Kapolri Paparkan Berbagai Inovasi Polri Dukung Ketahanan Pangan*

RUSDIANTO TIOKI

- Redaksi

Rabu, 8 Oktober 2025 - 13:56 WIB

50115 views
facebook twitter whatsapp telegram line copy

URL berhasil dicopy

facebook icon twitter icon whatsapp icon telegram icon line icon copy

URL berhasil dicopy

Kapolri Jenderal Listyo Sigit Prabowo memastikan Polri mendukung program ketahanan pangan yang digagas di pemerintahan Presiden Prabowo Subianto dan Wapres Gibran Rakabuming Raka. Jenderal Sigit mengatakan Polri telah melakukan berbagai inovasi guna mendukung program ini, apa saja inovasinya?

Jenderal Sigit mengatakan salah satu inovasi Polri yakni pemanfaatan bibit unggul hibrida P27 dan pupuk tekno MIGO Presisi Bhayangkara. Kedua hal ini bisa meningkatkan hasil panen.

“Guna mendukung program ketahanan pangan, beberapa waktu yang lalu kami telah melakukan berbagai inovasi, salah satunya pemanfaatan bibit unggul Hibrida P27 dan pupuk Tekno MIGO Presisi Bhayangkara guna meningkatkan hasil
panen dari 4 ton/hektar menjadi 9 sampai dengan 14 ton/hektar,” kata Jenderal Sigit dalam paparannya di Penanaman Jagung Serentak Kuartal IV, Tangerang, Banten, Rabu (8/10/2025).

ADVERTISEMENT

SCROLL TO RESUME CONTENT

Dia juga mengatakan ratusan bintara khusus pertanian telah direkrut. Mereka diharapkan bisa mengoptimalkan pengolahan dan hasil produksi.

“Termasuk merekrut 333 orang bintara kompetensi khusus pertanian untuk mengoptimalkan pengolahan dan hasil produksi,” katanya.

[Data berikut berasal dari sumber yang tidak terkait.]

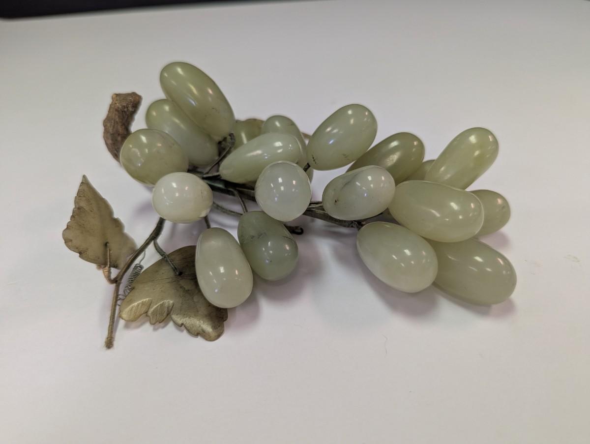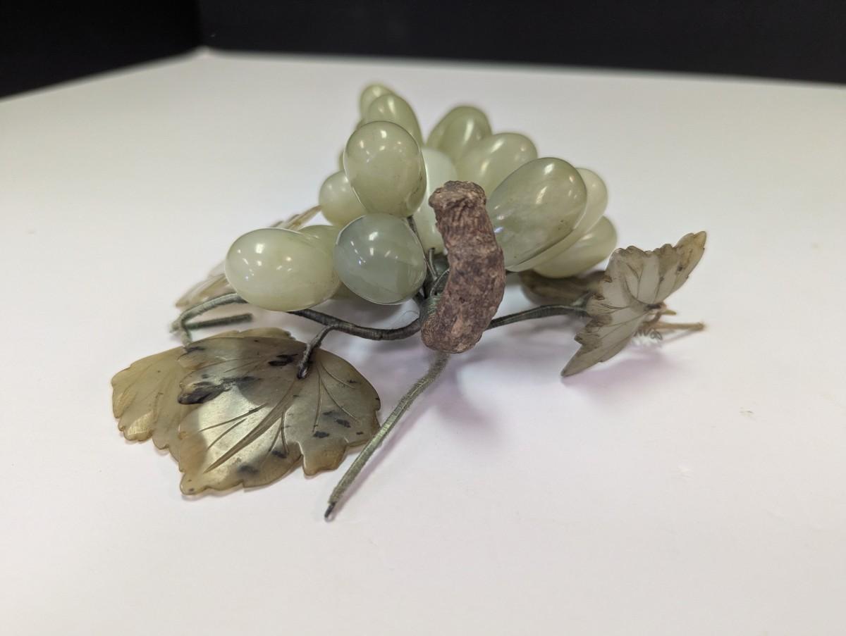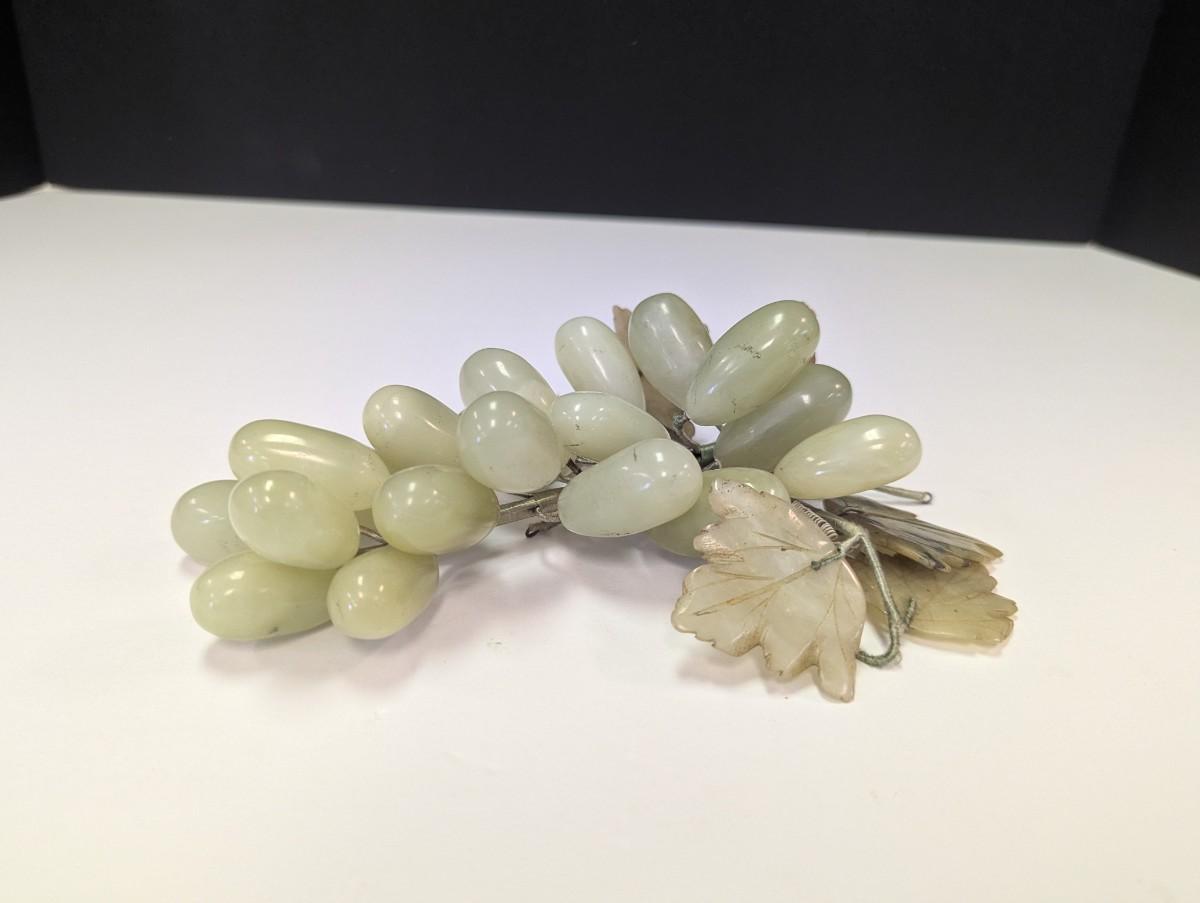 Vintage Jade Green Grape Cluster With Stone Leaves
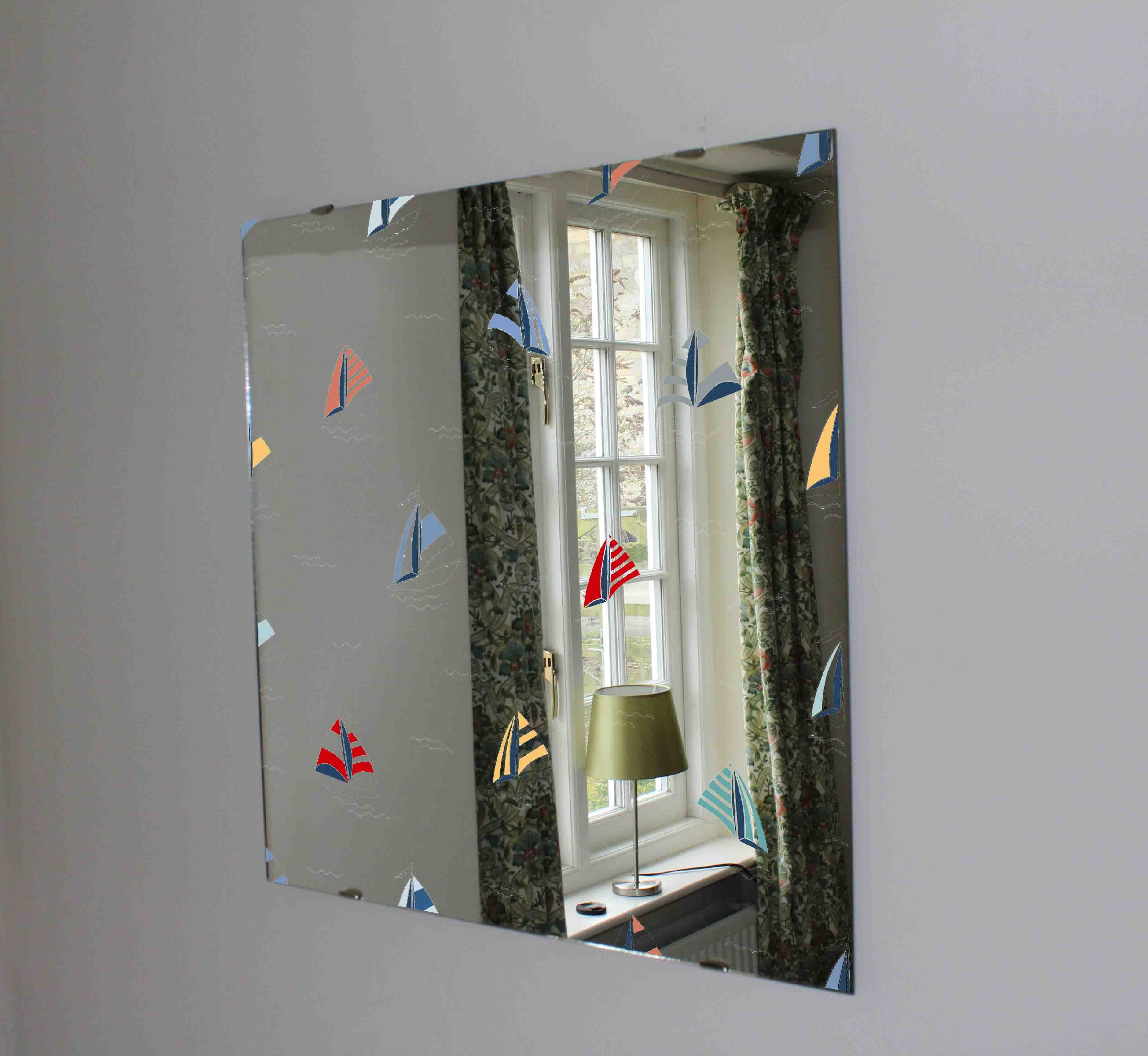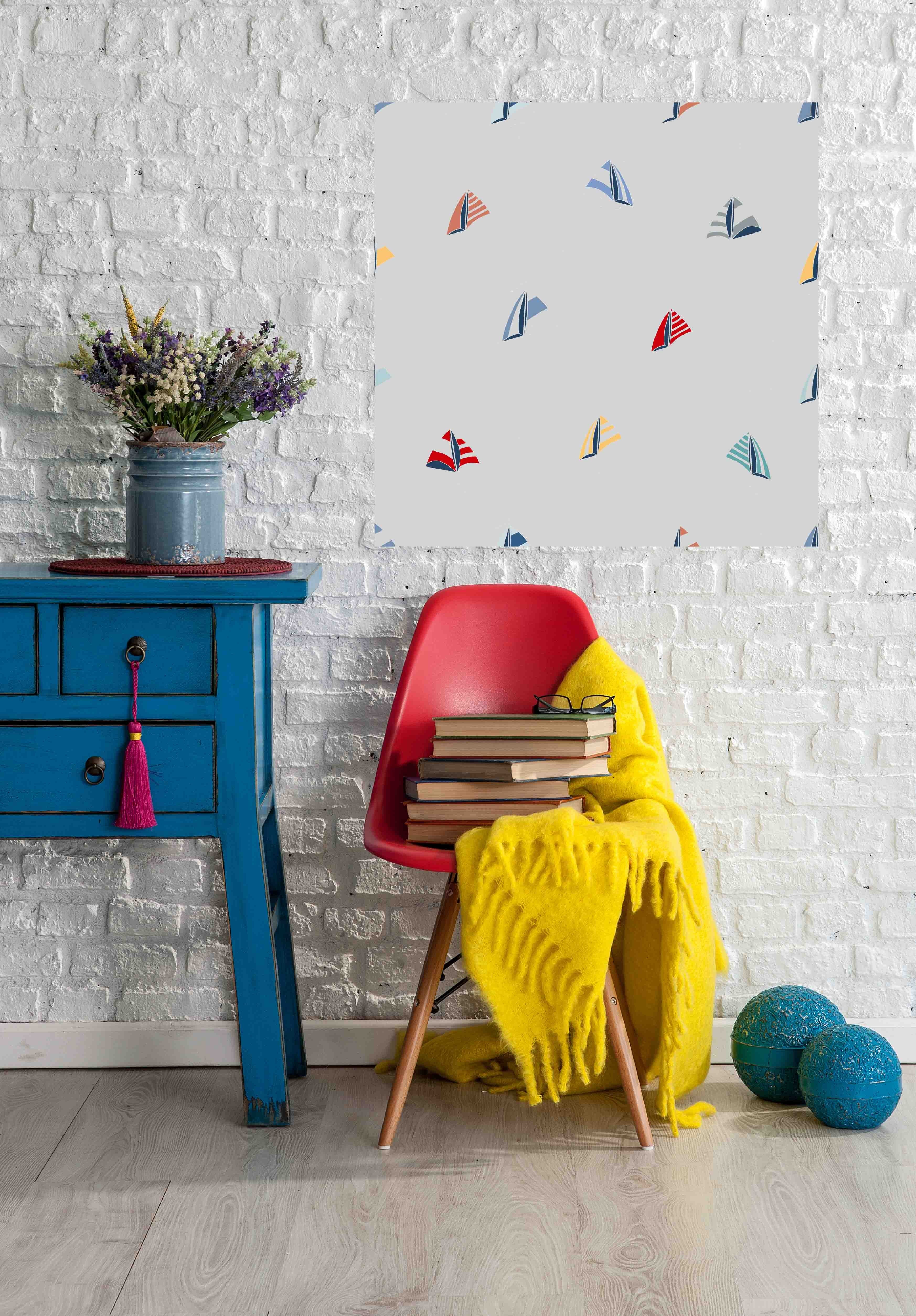 Marine seamless pattern with cartoon boats (Mirror Art print)

Selain itu, Jenderal Sigit mengungkapkan saat ini Polri bekerjasama dengan berbagai universitas, salah satunya Universitas Sriwijaya untuk mengolah tanaman eceng gondok menjadi pupuk organik. Dia mengungkapkan pupuk ini memiliki kandungan unsur hara yang sangat baik, serta bernilai ekonomis tinggi, dengan biaya produksi untuk 1 hektar lahan sebesar Rp773.000, atau 86% lebih hemat dibandingkan penggunaan pupuk kimia yang mencapai Rp5,9 juta per hektar.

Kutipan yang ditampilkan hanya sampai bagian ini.